Mr. and Mrs. Wilbur Watson, farmers in the Midway area, were the first Boone Countians to write to Washington for information. That started the ball rolling. The Rural Electric Administration made government loans to local groups and set guidelines for them.

By 1936, Boone Electric Cooperative was well on its way, and in the summer of 1937, the poles were set, wires were strung and buildings were wired and ready to receive service. Rural electrification changed the lives of millions of people all over America. Boone Electric Cooperative extended lines north to Hallsville, west to Midway, southeast to Huntsdale and McBaine, east to Harg and south to Deer Park.

Ours was one of the first farms to be ready when the power was turned on.

"Lighting the Way" author Jacki Gray tells the story of Boone Electric from its beginning.

There’s a snapshot of a big man taking a bath in a small washtub. There’s a close-up of a man holding the milk bucket between his knees and milking with both hands - in the dark. And there’s also a man saying "goodbye" just before they burned the privy.

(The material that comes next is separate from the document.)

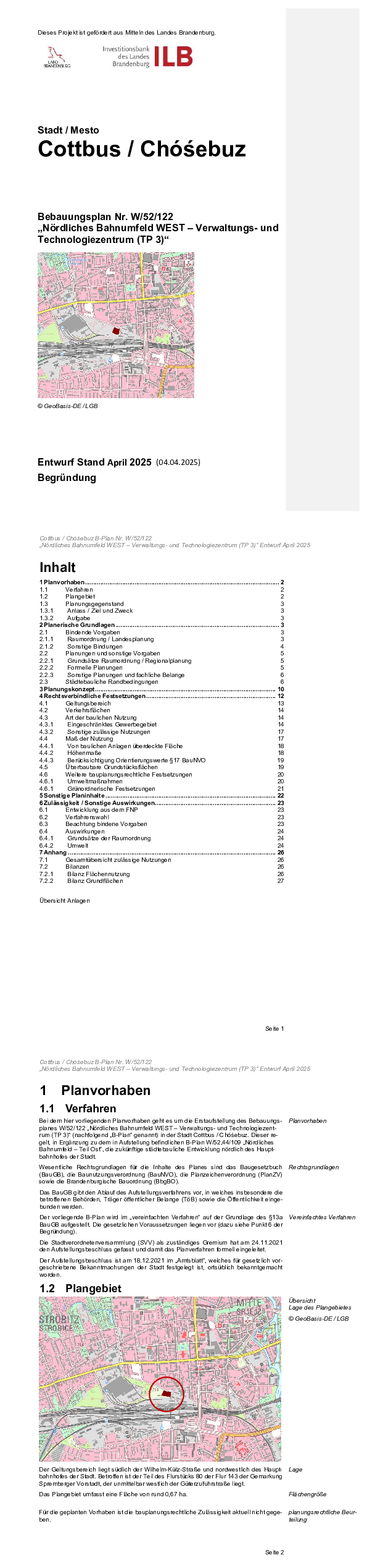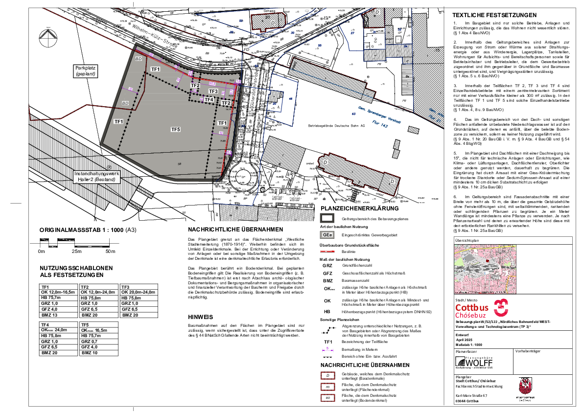 Die Stadtverordnetenversammlung der Stadt Cottbus/Chóśebuz hat in ihrer Sitzung am 28.05.2025 den Entwurf des Bebauungsplanes „Nördliches Bahnumfeld WEST – Verwaltungs- und Technologiezentrum (TP 3)“ einschließlich der zugehörigen Begründung in der Fassung vom April 2025 gebilligt und die Beteiligung der Öffentlichkeit gemäß § 3 Abs. 2 Baugesetzbuch (BauGB) beschlossen.

My husband, W.F. "Chub" Gerard, was power use adviser for Boone Electric after World War II. It was his job to teach people that electricity was "the best hired hand you could employ."

Some people continued to draw water with a hand pump and milk cows in the dark and said, "We’ll just use house lights and an electric iron."

When the monthly minimum amount was used, one family switched back to oil lamps for a few days each month.

Others said, "Yes, you may build electric lines across our farm, ... but we’re afraid it might burn our house."

A woman who didn’t want an indoor toilet told Chub, "If I didn’t go outdoors to the toilet, I never would get any fresh air."

All who have lived on a farm will enjoy the book "Lighting the Way," available at Boone Electric, 1413 Range Line St., Columbia, Mo., 65202.